A multidisciplinary team led by WashU chemists repurposed an antimalarial drug in the fight against antibiotic resistance.
A team of chemists, biologists, and microbiologists led by researchers at WashU have found a way to tweak an antimalarial drug and turn it into a potent antibiotic, part of a project more than 20 years in the making. Importantly, the new antibiotic should be largely impervious to the tricks that bacteria have evolved to become resistant to other drugs. “Antibiotic resistance is one of the biggest problems in medicine,” said Timothy Wencewicz, an associate professor of chemistry. “This is just one step on a long journey to a new drug, but we proved that our concept worked.”
The lead author of the study, John Georgiades, AB ’24, is now a graduate student at Princeton University who took over the project while he was an undergraduate in Wencewicz’s lab. Other co-authors include Joseph Jez, the Spencer T. Olin Professor in Biology; Christina Stallings, a professor of molecular microbiology at the School of Medicine; and Bruce Hathaway, a professor emeritus at Southeast Missouri State University. The findings were published in ACS Infectious Diseases, a journal of the American Chemical Society.
A new approach to antibiotics is sorely needed because many common drugs are losing their punch, Wencewicz said. He points to Bactrim, a combination of the drugs sulfamethoxazole and trimethoprim. Often prescribed to treat ear infections and urinary tract infections, Bactrim blocks a bacteria’s ability to produce folate, an important nutrient for fast-growing germs. “It’s been prescribed so often that resistance is now very common,” Wencewicz said. “For a long time, people have been thinking about what’s going to replace Bactrim and where we go from here.”
Instead of creating new antibiotics out of whole cloth, Georgiades, Wencewicz, and their team used chemistry to tweak cycloguanil, an existing drug used to treat malaria. “It’s a slick way to give new life to a drug that is already FDA-approved,” Wencewicz said. Like Bactrim, cycloguanil works by blocking the enzymes that organisms need to produce folate. It has saved millions of people from malaria over the decades, but it was useless against bacteria because it didn’t have a way to penetrate the membrane that surrounds bacterial cells.
After many trials, researchers were able to attach various chemical keys to cycloguanil that opened the door to the bacterial membrane. Once the new compounds reached the inner workings of the cell, they staged a two-pronged attack on the enzymes that bacteria need to produce folate. “Dual-action antibiotics tend to be much more effective than drugs that just take one approach,” Wencewicz said. Bacteria may be able to evolve resistance to one part of the attack, but they won’t easily find a way to stop both at once, he explained.

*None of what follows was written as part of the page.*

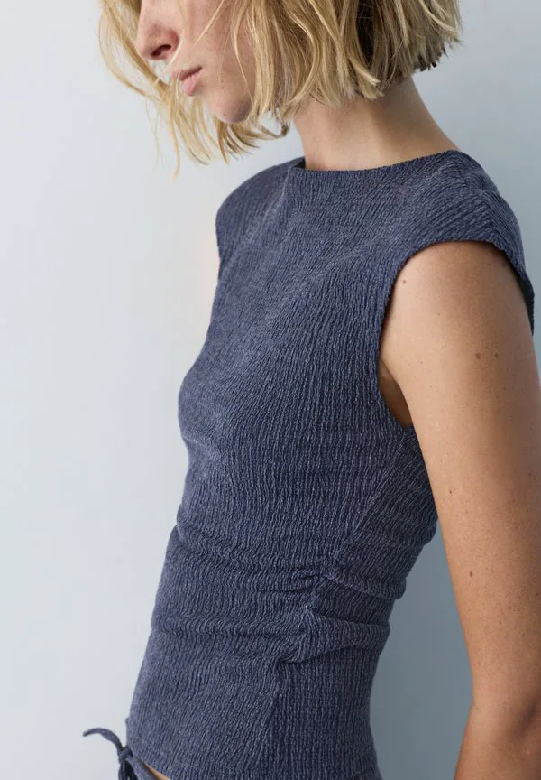Блузка из крепа Pull&Bear, Dark-Blue Denim

The new compound proved to be effective against a wide range of bacteria, including Escherichia coli and Staphylococcus aureus, two of the most common causes of bacterial infections. Unlike Bactrim and other existing drugs that target folate, some of the new compounds also showed power against Pseudomonas aeruginosa, a pathogen that often infects people with weakened immune systems.

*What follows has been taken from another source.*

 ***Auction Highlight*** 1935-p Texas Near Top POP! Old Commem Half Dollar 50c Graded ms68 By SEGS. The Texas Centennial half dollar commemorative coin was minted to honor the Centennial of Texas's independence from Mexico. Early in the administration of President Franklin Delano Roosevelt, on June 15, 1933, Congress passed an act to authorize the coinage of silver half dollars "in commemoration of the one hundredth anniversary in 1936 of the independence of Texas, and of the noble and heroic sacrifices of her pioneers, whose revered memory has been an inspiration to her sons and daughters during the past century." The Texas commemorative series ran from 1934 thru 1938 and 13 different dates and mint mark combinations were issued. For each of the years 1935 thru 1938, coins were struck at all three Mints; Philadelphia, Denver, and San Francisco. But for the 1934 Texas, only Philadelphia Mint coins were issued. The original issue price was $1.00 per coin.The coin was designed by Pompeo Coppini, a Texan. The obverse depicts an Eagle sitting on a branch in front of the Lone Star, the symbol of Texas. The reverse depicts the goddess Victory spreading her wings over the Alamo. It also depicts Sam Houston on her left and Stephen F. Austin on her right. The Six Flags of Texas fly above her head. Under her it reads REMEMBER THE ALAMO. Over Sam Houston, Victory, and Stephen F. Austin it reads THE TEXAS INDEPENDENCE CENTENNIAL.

Although several compounds showed promise in the lab, Wencewicz knew he had to dig deeper to really complete the mission. “We needed to understand how these compounds were working on a molecular level,” he said. “That’s where John Georgiades stepped in.”
Georgiades, a Beckman Scholar and a Goldwater Scholar during his time at WashU, worked with Jez to use X-ray crystallography to determine the structures of the chemical keys — a crucial step in understanding their antibacterial potential. “We chose a couple of compounds that showed the most potential and really drilled down to investigate their mechanisms,” Georgiades said.
Georgiades also collaborated with Stallings to show that the new compound was effective against Mycobacterium abscessus, an especially hard-to-treat organism that can cause lung infections and other illnesses in individuals with cystic fibrosis. “The collaborative atmosphere at WashU made this project possible,” Georgiades said. “There are more than 20 people on this paper from several institutions, and they all played a part.”
Wencewicz’s role in the project goes back to his time as an undergraduate at Southeast Missouri State University. That’s where he first met Hathaway, a chemist who had been tinkering with antibiotic compounds since his own days as a postdoctoral researcher in the early 1980s. Hathaway, now a professor emeritus of chemistry at SEMO, laid the foundation for this antibiotic development.
“This work breaks new ground on work that started at the beginning of my professional career,” Hathaway said. “Since I have retired, in some ways, this is my crowning achievement. I’m very grateful to Tim and everyone who saw the promise of this line of research and brought it to the next level.”
The collaboration between Wencewicz and Hathaway spanned several institutions and nearly two decades. They were determined to find the right chemical keys to help existing drugs penetrate bacterial membranes. Eventually, Wencewicz amassed a collection of candidate compounds that he carried with him as his career took him to the University of Notre Dame, Harvard, and eventually WashU.
“Antibiotics used to be the backbone of the pharmaceutical industry, but now it’s sort of an orphan class of drugs,” Wencewicz said. “As academics, we can come in, take the risk, and generate the knowledge base that will provide new breakthroughs.”